There was a long silence before he responded.
“Aye,” Noah admitted at last. “I remember.”
“Are ye a married man, Noah? A family man?”
His gaze locked onto her again. Senga wasn’t sure why she’d asked that question, but of course it was too late now.
“Nay,” he answered at last, his voice heavy. “I have no heart to give away. Ye took it with ye when ye left me.”
Senga tied off the knot of the bandages and stepped back, letting her hands drop to her side.
“Left ye?” she echoed incredulously, letting out a half-laugh, half-scoff. “Where did ye hear that?”
“Hear it? Everybody knew it. Laird Murray—”
“My father told ye I left ye and ye believed my father’s lies? Ye believed him?”
Noah stared down at her, eyes wide, and for an instant, Senga saw the boy she’d known waiting there, just behind his eyes.
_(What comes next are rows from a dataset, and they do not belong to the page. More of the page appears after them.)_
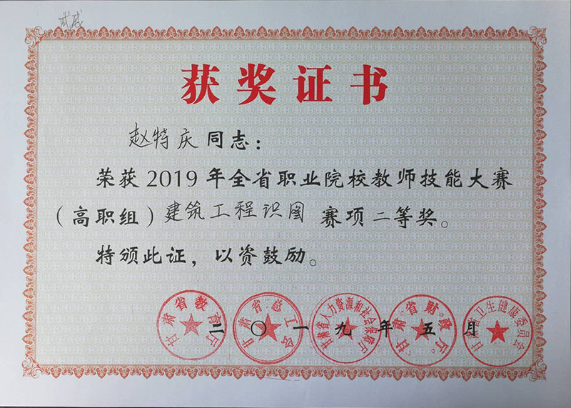 我院建筑工程系教师在“2019年甘肃省职业院校教师技能大赛”中再创佳绩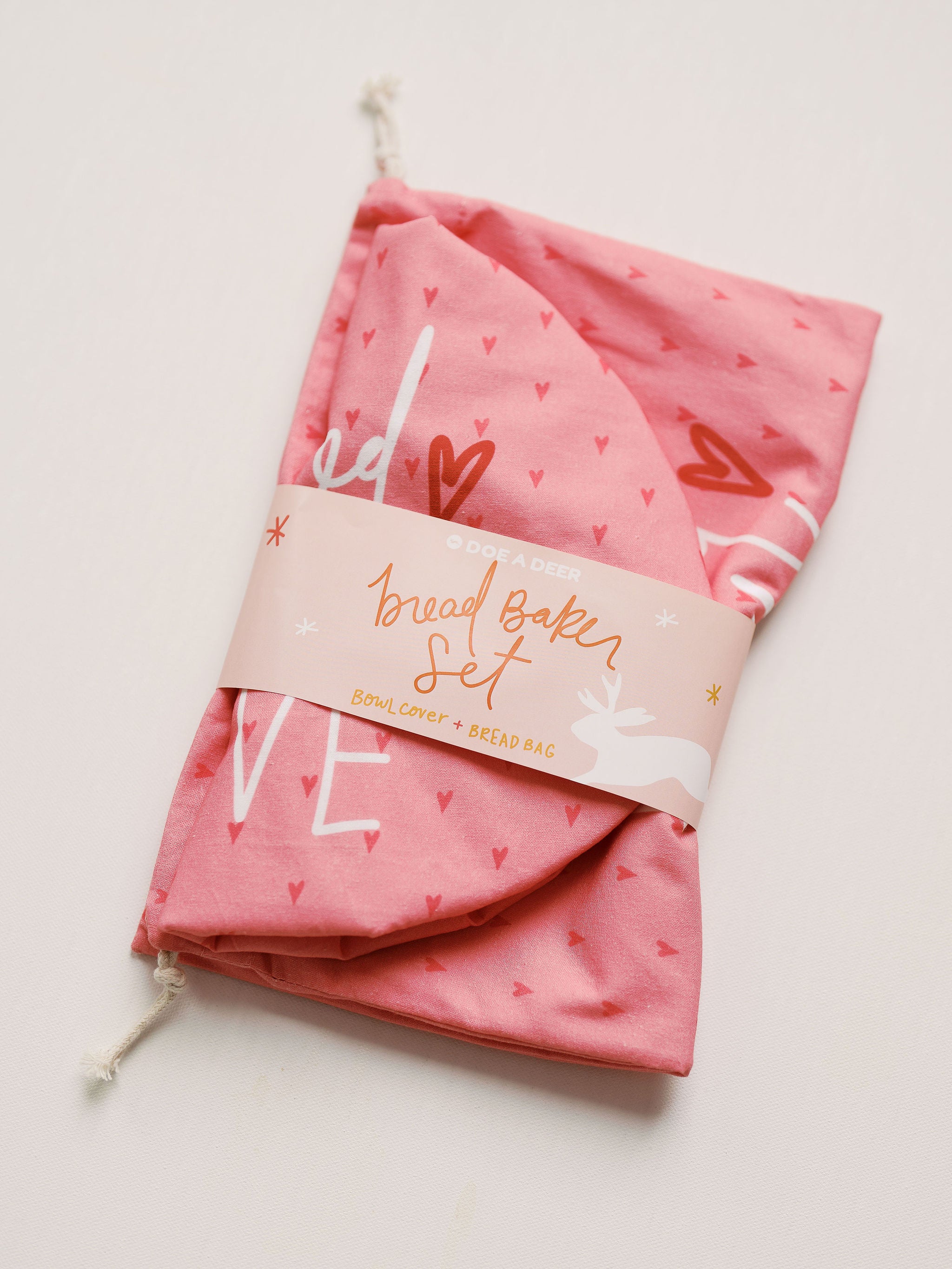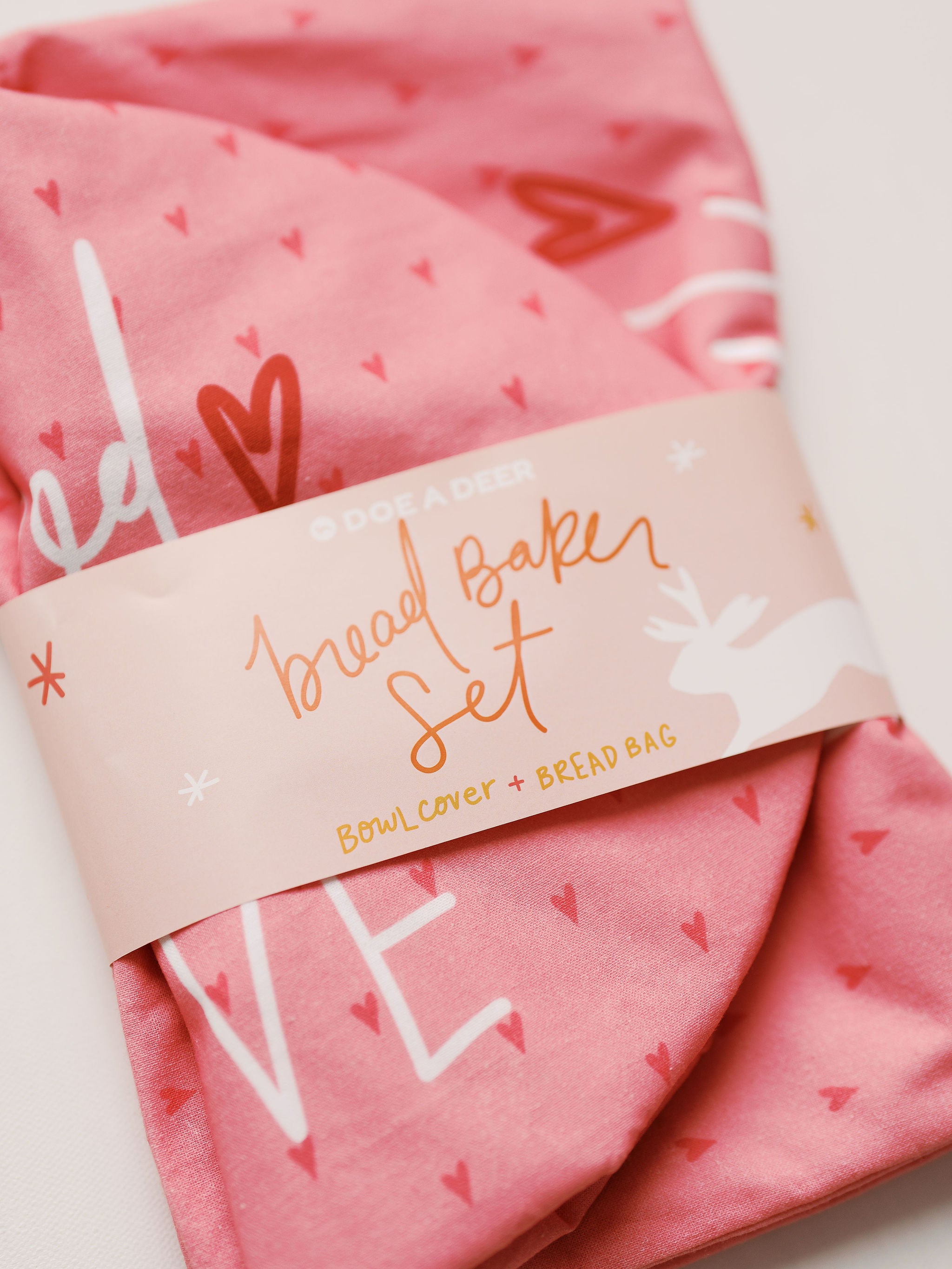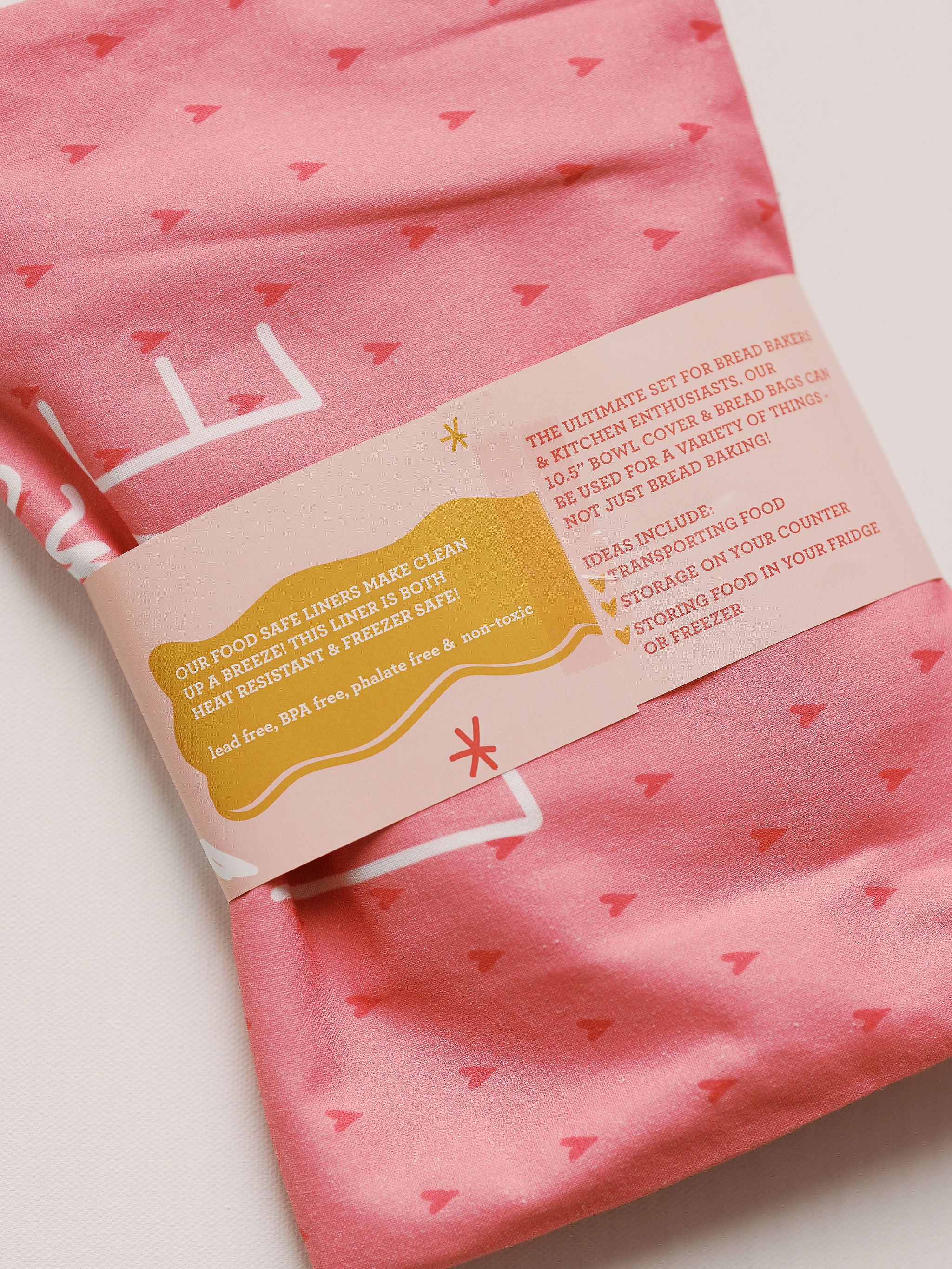 Keep dough rising and loaves looking lovely with the Baked with Love Bread Baker Set — a matching Baked with Love bowl cover and bread bag in a cheerful pink with tiny hearts. Perfect for dough proofing, and storing fresh-baked bread, this eco-friendly duo replaces cling film and plastic bags while adding a pinch of whimsy to your countertop.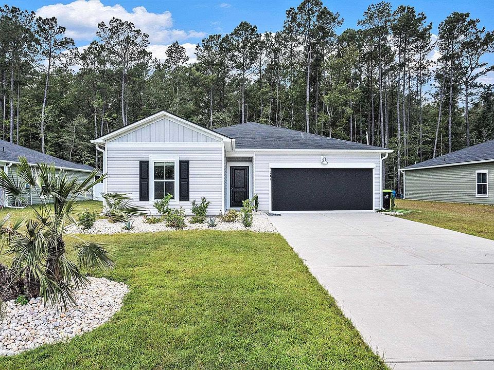 This is a well-kept, like new home with 4 bedrooms, 2 full baths, dining area, and very comfortable living room. The large utility room has plenty of space for laundry appliances and storage. The home has many improvements such as a high value remote screen to the garage door, premium landscaping with easy-to-grow Palmetto trees and treated pebbles for the flower beds and located at the end of the street with a spacious round turn-around feature for added parking and security. As part of the Saddle Ridge Community, you will enjoy a pool, picnic area, playground, and well maintained scenic lakes. This home offers country calm living with modern comfort. Tucked at the quiet end of the cul-de-sac in Saddle Ridge, this one-year-young, well-kept home pairs small town serenity with thoughtful, move in ready upgrades you don’t have to budget for later. Premium landscaping with easy to grow Palmetto trees and treated pebbles gives lasting curb appeal, and the end of street setting includes a spacious round turn around that adds a low traffic feel and convenient guest parking. Inside, an open, easy living design connects the living, dining, and kitchen areas for everyday flow and effortless entertaining. Durable LVP flooring runs throughout the home for a clean, cohesive look and low maintenance. The kitchen blends function and finish with stainless steel appliances, a gas range for responsive cooking, and sleek granite countertops that elevate the workspace. The split bedroom layout places the private primary suite apart from the three secondary bedrooms, offering comfortable separation for guests, a home office, crafts, or fitness. Two full baths serve the home with convenience, and a large utility room provides generous space for laundry and everyday storage, keeping life organized and out of sight. Outdoor living is a highlight. A covered back porch overlooks a secluded feeling backyard, perfect for morning coffee, quiet reading, evening wind downs, stargazing, or simply listening to the crickets after a long day. Comfort upgrades make daily life easier, including remote control window blinds for instant light and privacy control. The garage features a screen system that creates a breezy, bug free flex space for hobbies, workouts, or casual hangouts so you can enjoy fresh air without the pests. Saddle Ridge delivers the right community perks while preserving a rural vibe: a neighborhood pool, picnic area, playground, and well maintained scenic lakes. Everyday essentials, dining, and the charm of historic Downtown Conway are close by, giving you the best of both worlds, quiet when you want it, convenience when you need it.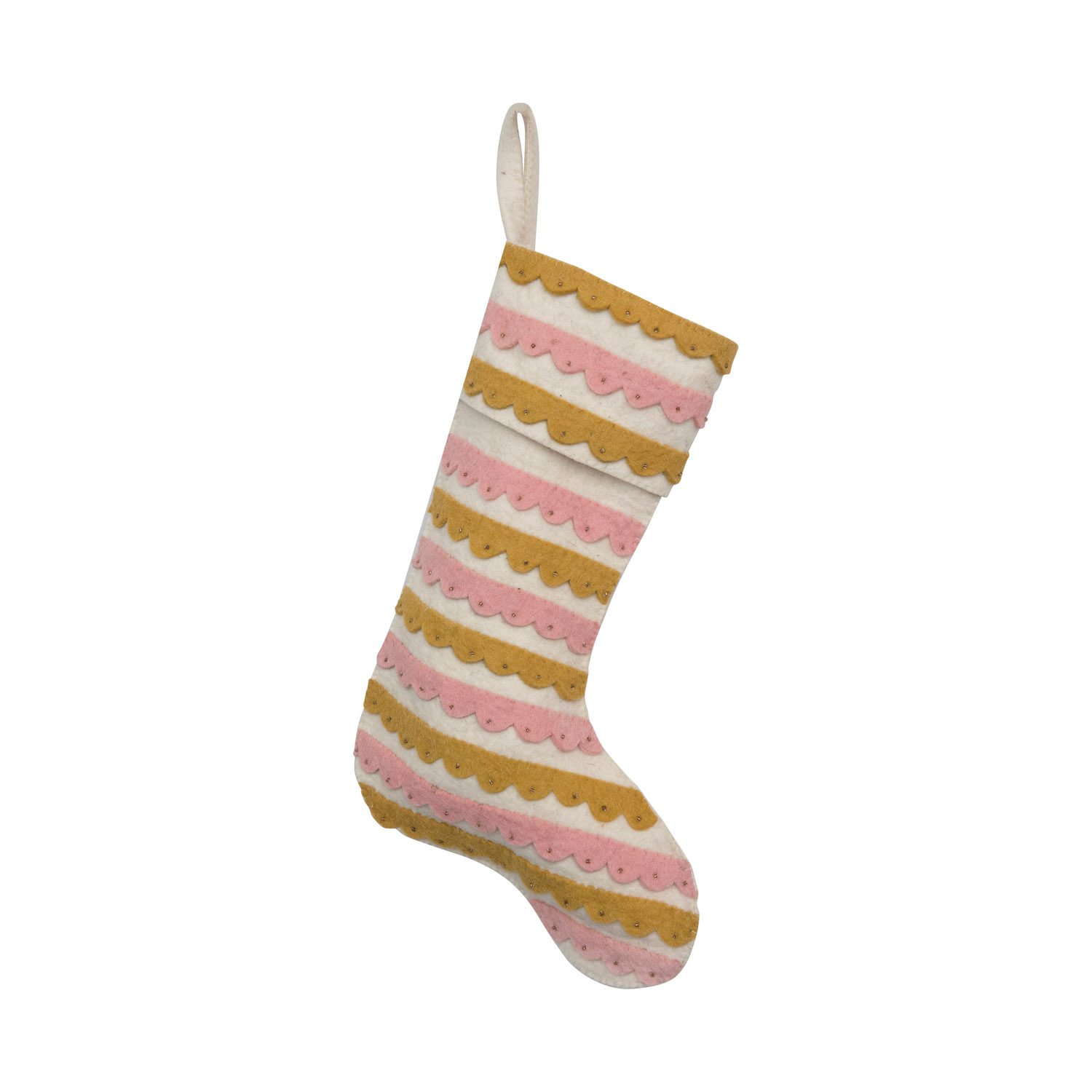 Catalog Name: 19"H Wool Felt Stocking with Appliqued Scallops and Beads, Pink, Cream and Mustard Color

“I don’t know what to believe,” he said at last, sounding exhausted.
“The thing with scars, Senga, is that they won’t heal if ye keep picking at them.
Opening past wounds is a waste of time. I’ve got plenty of scars, and I have no desire to gain any more.
Thank ye for yer help, but I wish ye had left Keep Grahame today. It would have been best for everybody.”
He took a step forward, then another, and Senga reflexively retreated before him. Before she knew what was happening, she had stepped across the threshold and found herself in the dark hallway once more.
Noah met her eye and gave a faint, exhausted smile.
“Goodbye, Senga. Ye stay in yer clean halls, and I’ll stay where I always was—out in the blood and dirt.”
Then he closed the door, leaving her outside in the darkness.